Rossa langsung memeluk Alvan, karena saat ini dirinya benar- benar butuh sandaran untuk menghempaskan perasaannya yang terluka.
Terluka untuk yang kedua kalinya, ditempat yang salah untuk menumbuhkan cintanya.
Alvan mematung menerima pelukan Rossa, pelukan yang sudah sangat lama ia rindukan itu.
Aroma wanita yang selalu membuatnya rindu saat masih berstatus kekasihnya dulu, betapa perasaan Alvan saat ini sungguh bahagia. Karena orang yang ia rindukan itu berinisiatif memeluknya sangat erat saat ini.
Akhirnya Alvan membalas pelukan Rossa, yang ia pikir wanita ini juga sangat merindukannya.
Karena mereka berdua memang saling mencintai, selama 3 tahun menjalin kasih saat kuliah. Dan Alvan sangat tahu, bahwa dirinyalah pria pertama yang Rossa cintai.

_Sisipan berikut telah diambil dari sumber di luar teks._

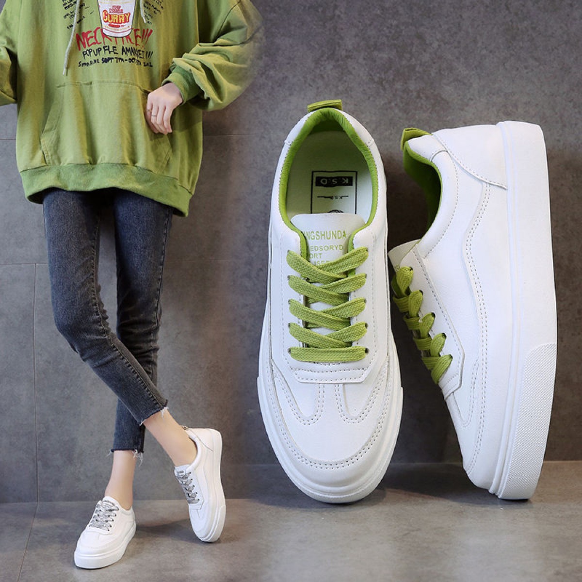 商品名稱(chēng):2020春夏新款小白鞋女百搭女鞋韓版系帶學(xué)生鞋平底鞋運(yùn)動(dòng)休閑板鞋

Walaupun saat ini, status wanita yang ia peluk itu adalah istri pamannya sendiri. Alvan akan merebutnya, apapun yang terjadi!. Ia tidak mau lagi diatur oleh mamanya yang hanya memandang harta, dan status keturunan.
"Kau kenapa? apa yang terjadi padamu sampai berjalan selarut ini!?" Tanya Alvan memeluk erat wanita itu, tanpa memberikan ruang sedikitpun melepaskannya.

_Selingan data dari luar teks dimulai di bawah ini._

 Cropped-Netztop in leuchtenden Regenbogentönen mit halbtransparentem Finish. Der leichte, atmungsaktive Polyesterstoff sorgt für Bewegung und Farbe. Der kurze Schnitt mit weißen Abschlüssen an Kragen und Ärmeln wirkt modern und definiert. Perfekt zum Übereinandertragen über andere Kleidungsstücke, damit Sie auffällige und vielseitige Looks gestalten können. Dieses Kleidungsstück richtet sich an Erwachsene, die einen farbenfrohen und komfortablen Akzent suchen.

Rossa hanya menggelengkan kepalanya, tidak mau Alvan tahu apa yang saat ini ia rasakan. Karena dirinya sangat malu, bahkan tidak punya muka untuk menjelaskan pernikahannya dengan Morgan kepada Alvan.
Karena yang mamanya Alvan katakan tentangnya semua benar, bahwa dirinya hanyalah wanita jala*g yang menjual diri untuk menikahi pria kaya agar bisa bertahan hidup.
Rossa sangat ingat ucapan mamanya Alvan padanya, saat mereka pertama kali bertemu disebuah cafe waktu itu.
Rossa melepaskan pelukannya dari Alvan, dan menghapus air matanya yang tidak tertahan sedari tadi. Saat ia keluar dari hotel yang selalu membawa petaka baginya, bahkah tidak ada kenangan indah dihotel itu bagi Rossa. Karena sudah kedua kalinya ia menangis dari hotel yang sama, dan berujung luka yang selalu membekas dalam hatinya.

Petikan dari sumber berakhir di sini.